WAD MADANI, Sudan: Air strikes pummelled Khartoum on Sunday and fighting raged in Sudan’s western Darfur region, witnesses said, as a three-month war between the army and rival paramilitaries showed no signs of abating.
In the capital’s east and northwest, army fighter jets “targeted bases” belonging to the paramilitary Rapid Support Forces (RSF) who “responded with anti-aircraft weapons,” witnesses told AFP.
A local neighborhood group said at least five people were killed and 17 others injured in a blast in Ombada, in Khartoum’s northwest, but the toll was likely to increase as “more casualties are pulled from the rubble.”

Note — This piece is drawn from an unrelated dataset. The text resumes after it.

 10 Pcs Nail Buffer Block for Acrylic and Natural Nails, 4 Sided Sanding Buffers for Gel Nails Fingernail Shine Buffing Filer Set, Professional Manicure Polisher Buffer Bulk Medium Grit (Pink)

RSF drones targeted Khartoum’s largest military hospital, according to witnesses. A similar attack Saturday on the same facility left five dead and 22 injured, the army said.
The war between army chief Abdel Fattah Al-Burhan and his former deputy, RSF commander Mohamed Hamdan Daglo, has killed around 3,000 people, according to the Armed Conflict Location and Event Data project, but the actual death toll is believed to be much higher.

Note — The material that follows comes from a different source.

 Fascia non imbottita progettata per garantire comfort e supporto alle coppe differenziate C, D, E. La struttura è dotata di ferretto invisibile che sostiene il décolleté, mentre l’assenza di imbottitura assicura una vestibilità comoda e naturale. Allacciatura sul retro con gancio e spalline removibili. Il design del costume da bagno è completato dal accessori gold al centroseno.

A further three million people have been displaced internally or fled across borders, according to the International Organization for Migration.

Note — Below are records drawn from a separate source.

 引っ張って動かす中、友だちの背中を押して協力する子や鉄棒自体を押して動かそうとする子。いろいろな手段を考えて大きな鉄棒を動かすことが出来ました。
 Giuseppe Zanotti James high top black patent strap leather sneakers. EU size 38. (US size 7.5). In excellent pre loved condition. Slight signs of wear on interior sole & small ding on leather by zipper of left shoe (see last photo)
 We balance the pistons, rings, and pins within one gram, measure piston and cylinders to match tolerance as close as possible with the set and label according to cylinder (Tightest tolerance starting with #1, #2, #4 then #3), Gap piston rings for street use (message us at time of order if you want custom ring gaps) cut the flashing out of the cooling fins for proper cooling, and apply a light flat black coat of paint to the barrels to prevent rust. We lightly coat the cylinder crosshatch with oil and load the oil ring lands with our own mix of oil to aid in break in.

Diplomatic efforts to end the violence continue but have failed to bear fruit, and numerous cease-fires have been broken.
As the war entered its fourth month on Saturday, a government source told AFP an army delegation had returned to the Saudi city of Jeddah to resume truce talks.
The Saudi- and US-brokered talks were adjourned last month after a several truces were systematically violated.
There was no comment from either the RSF or the mediators on the reported resumption of the negotiations in Jeddah.

In Darfur, a vast region which has seen some of the worst of the fighting, witnesses on Sunday reported “heavy clashes using various types of weapons” in the town of Kas.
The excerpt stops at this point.